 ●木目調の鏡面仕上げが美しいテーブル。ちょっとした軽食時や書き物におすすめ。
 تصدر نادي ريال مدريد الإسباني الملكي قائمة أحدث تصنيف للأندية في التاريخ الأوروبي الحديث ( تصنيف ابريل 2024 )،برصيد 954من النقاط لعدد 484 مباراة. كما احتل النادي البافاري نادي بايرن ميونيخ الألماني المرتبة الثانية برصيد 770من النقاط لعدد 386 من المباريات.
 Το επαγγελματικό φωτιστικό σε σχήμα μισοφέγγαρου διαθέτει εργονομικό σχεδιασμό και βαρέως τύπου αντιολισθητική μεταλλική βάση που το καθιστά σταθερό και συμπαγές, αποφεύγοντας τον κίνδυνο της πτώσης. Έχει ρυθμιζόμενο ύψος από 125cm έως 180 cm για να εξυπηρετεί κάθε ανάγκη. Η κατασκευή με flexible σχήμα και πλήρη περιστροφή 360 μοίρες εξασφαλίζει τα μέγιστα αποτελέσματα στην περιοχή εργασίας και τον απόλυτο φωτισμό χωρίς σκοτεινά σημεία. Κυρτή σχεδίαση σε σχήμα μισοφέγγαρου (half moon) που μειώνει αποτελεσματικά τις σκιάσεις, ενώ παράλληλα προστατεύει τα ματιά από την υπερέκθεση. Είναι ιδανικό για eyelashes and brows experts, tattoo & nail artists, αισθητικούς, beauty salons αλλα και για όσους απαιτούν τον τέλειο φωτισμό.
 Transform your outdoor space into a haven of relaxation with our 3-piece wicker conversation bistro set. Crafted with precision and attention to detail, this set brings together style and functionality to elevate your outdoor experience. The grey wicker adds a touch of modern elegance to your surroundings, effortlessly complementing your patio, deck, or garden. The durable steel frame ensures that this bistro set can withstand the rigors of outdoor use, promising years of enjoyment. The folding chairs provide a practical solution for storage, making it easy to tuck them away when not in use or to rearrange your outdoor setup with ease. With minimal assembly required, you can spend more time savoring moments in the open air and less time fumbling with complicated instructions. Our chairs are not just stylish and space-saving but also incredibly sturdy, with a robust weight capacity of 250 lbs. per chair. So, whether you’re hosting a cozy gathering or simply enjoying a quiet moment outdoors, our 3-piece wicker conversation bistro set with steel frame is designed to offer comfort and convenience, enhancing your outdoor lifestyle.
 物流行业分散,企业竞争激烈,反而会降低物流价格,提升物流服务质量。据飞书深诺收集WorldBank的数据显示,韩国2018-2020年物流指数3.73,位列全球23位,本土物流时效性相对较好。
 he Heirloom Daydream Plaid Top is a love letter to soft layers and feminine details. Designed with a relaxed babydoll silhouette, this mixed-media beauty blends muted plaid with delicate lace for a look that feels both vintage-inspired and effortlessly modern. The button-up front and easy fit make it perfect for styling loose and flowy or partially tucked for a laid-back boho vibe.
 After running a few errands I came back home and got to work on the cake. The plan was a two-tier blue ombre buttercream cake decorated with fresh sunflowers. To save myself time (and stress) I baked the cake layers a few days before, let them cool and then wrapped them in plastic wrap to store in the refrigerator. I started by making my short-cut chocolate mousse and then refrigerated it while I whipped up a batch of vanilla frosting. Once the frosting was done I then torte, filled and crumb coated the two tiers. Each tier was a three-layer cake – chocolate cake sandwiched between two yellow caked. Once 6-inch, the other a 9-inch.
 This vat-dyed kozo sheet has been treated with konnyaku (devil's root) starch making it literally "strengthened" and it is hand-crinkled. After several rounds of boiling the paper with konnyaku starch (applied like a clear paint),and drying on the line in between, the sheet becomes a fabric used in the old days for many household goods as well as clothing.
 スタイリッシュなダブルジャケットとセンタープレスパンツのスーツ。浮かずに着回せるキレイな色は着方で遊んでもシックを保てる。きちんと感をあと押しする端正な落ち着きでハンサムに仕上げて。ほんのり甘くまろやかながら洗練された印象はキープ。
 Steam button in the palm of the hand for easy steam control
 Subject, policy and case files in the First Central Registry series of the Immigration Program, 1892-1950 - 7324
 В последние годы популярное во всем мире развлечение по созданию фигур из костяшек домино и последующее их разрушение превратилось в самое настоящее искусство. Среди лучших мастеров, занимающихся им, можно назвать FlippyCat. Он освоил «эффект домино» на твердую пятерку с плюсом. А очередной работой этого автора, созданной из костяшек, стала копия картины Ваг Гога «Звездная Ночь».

++++++

Problem to solve:
Work out how many lines in the material contain the string "hand", then write that number and nothing more.

Output below:
2